» **Given information**:
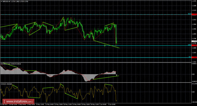 После образования медвежьей дивергенции котировки выполнили разворот в пользу валюты США и падение к уровню коррекции 100,0% - 1,2708. Медвежья дивергенция у индикатора CCI: последний пик котировок получился выше предыдущего, а аналогичный пик индикатора - ниже. Отбой курса пары от уровня Фибо 100,0% позволяет рассчитывать на разворот в пользу английской валюты и некоторый рост в направлении коррекционного уровня 161,8% - 1,3076. Также 9 июня назревает бычья дивергенция у индикатора MACD: последний лоу котировок уже ниже предыдущего, а лоу индикатора может получиться выше. Бычья дивергенция повысит шансы на разворот в пользу фунта стерлингов.
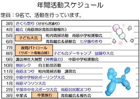 代表 尾島 悟 《会員人数》 現役 20名 + OB 若干名 《目的》 小学校のPTA活動のサポート及び各地域行事のお手伝いをしています。 《活動内容》 ・運動会の準備(テント設営等) ・こども大会のサポート(付添い) ・デイキャンプの手伝い(花火打上げ等) ・盆踊り大会での出店(とうもろこし・パイナップル販売) ・諏訪神社例祭での子ども神輿サポート ・南原まつりでの出店の手伝い ・公民会まつりでの出店(チョコバナナ・フライドポテト販売) ・さくら祭りでの出店(チョコバナナ・フライドポテト販売) ・小学校のペイントボランティア(ペンキ塗り) |
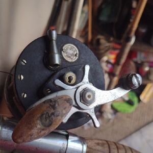 Explore the classic charm of this vintage fishing reel, featuring a sleek black finish and a sturdy wooden handle. Perfect for fishing enthusiasts who appreciate timeless design.

» **Task goal**: Omit the pictures, then output the rest of the listing exactly.

» **Solution for this task**:
 После образования медвежьей дивергенции котировки выполнили разворот в пользу валюты США и падение к уровню коррекции 100,0% - 1,2708. Медвежья дивергенция у индикатора CCI: последний пик котировок получился выше предыдущего, а аналогичный пик индикатора - ниже. Отбой курса пары от уровня Фибо 100,0% позволяет рассчитывать на разворот в пользу английской валюты и некоторый рост в направлении коррекционного уровня 161,8% - 1,3076. Также 9 июня назревает бычья дивергенция у индикатора MACD: последний лоу котировок уже ниже предыдущего, а лоу индикатора может получиться выше. Бычья дивергенция повысит шансы на разворот в пользу фунта стерлингов.
 代表 尾島 悟 《会員人数》 現役 20名 + OB 若干名 《目的》 小学校のPTA活動のサポート及び各地域行事のお手伝いをしています。 《活動内容》 ・運動会の準備(テント設営等) ・こども大会のサポート(付添い) ・デイキャンプの手伝い(花火打上げ等) ・盆踊り大会での出店(とうもろこし・パイナップル販売) ・諏訪神社例祭での子ども神輿サポート ・南原まつりでの出店の手伝い ・公民会まつりでの出店(チョコバナナ・フライドポテト販売) ・さくら祭りでの出店(チョコバナナ・フライドポテト販売) ・小学校のペイントボランティア(ペンキ塗り) |
 Explore the classic charm of this vintage fishing reel, featuring a sleek black finish and a sturdy wooden handle. Perfect for fishing enthusiasts who appreciate timeless design.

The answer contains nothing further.